◆19世紀の原作が今でも通用することの意味(80点)
チャールズ・ディケンズの原作は、これまで50回以上も映像化されたといわれるほどだから、あらすじは誰もが知っていることだろう。本作のタイトルにあるディズニーも、以前にアニメーション作品として発表したことがある。
だがしかし、今回のそれは驚くほどタイムリーで、かつ適切な映画化だったのではないかと強く感じた。
19世紀半ばのロンドン。金貸しの守銭奴スクルージ(声:ジム・キャリー)はクリスマスイブに浮かれた世間に悪態をつき、寄付を求める貧しい人々にも怒鳴り帰す始末。
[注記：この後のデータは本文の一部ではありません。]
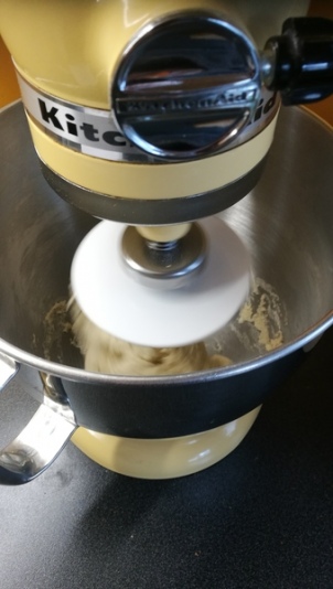 | Battre 6 mn en vitesse 1 | puis 4 mn en vitesse 2 et 6 mn en vitesse 1 en incorporant le beurre ramolli progressivement. |
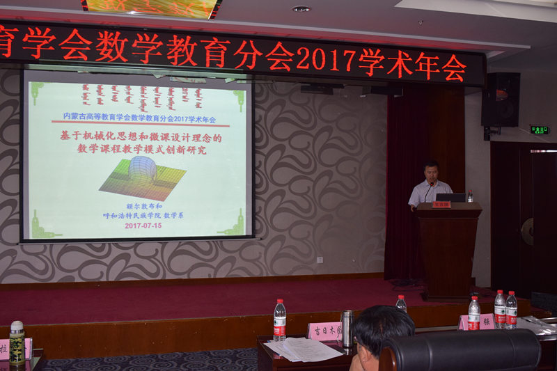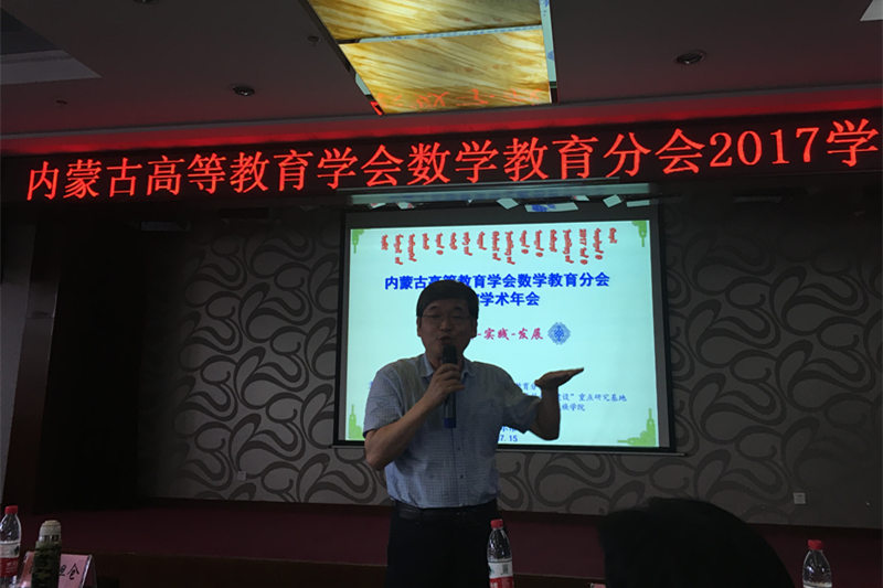 由内蒙古自治区高等教育学会数学教育分会和教育部民族教育发展中心“民族院校应用型学科专业建设”重点研基地主办、米乐官网协办的内蒙古自治区高等教育学会数学教育分会2017学术年会于2017年7月14日—16日在呼伦贝尔市举行,全区14所高校的近60名理事、专家和来宾参加。本次学术年会的主题为“创新-实践-发展”,由开幕式、学术报告、微课作品展示和闭幕式四个部分组成。

町の嫌われ者であるそんな彼の前に、かつての共同経営者で7年前に亡くなったマーレイ(声:ゲイリー・オールドマン)の亡霊がやってくる。
守銭奴の男がクリスマスの奇跡(それがどんなものかは未見の方のために伏せる)を体験して、自らの過ちに気づく教訓的な感動ストーリー。
この原作が発表されたのは、かつてイギリスが「日が沈まない帝国」=覇権国家として君臨していた19世紀の半ば。庶民の貧困生活をリアリティ豊かに描くと同時に、富めるものの傲慢さを戒め、助け合う大事さを語るその内容は、当時の激しい格差社会で生きる人々の共感を集めた。
時が過ぎて今、同じように覇権国家でありながら世界有数の格差社会となったアメリカ。そこでこの、金融マンが痛い目にあう物語を公開するのだから、さすがは時事ネタ連動性の高いハリウッド。涼しい顔で古典を映画化しているように見せながら、その実、金融危機でこっぴどい思いをしたウォール街のエリートたちに倫理の大切さを説いている、というわけだ。
それでも、単なる金持ち叩きでなく、スクルージを魅力的で説得力あるキャラクターにするあたりがうまい。いま、この映画にシンパシーを感じる人は、限りなく多いはずだ。
ディケンズからの教訓は、英国から米国に覇権が移り変わった現代でも、まったくもって有効である。人類の歴史は常に繰り返しである事が、この内容が古びていないことからも証明されている。
この、古いが新しいストーリーを、最新のデジタル3D作品として映像化するあたりも心憎い。しかもこの立体加減がじつにメリハリを感じさせるもので、私が今年みた中でも一番の「飛び出し度合い」であった。音響も立体感にあふれ、まるで雨音につつまれるような体験をすることができる。アクションシーンとドラマの切り替わりのバランスもいい。
ロバート・ゼメキス監督が「ポーラー・エクスプレス」「ベオウルフ/呪われし勇者」と進化させてきたパフォーマンス・キャプチャー&CGアニメーションの技術は、ここで頂点に達した。子供が本気で怖がってしまうであろう不気味なビジュアルも素晴らしい。ラストシーンはもっと明るい色調にして、そこまでのダークなムードとのコントラストを強調したいところだが、これが立体映画の限界か、やや不発気味。そこが唯一、惜しいところだ。
小さな子供のいる方は、こういういい映画を積極的に鑑賞してほしいと思う。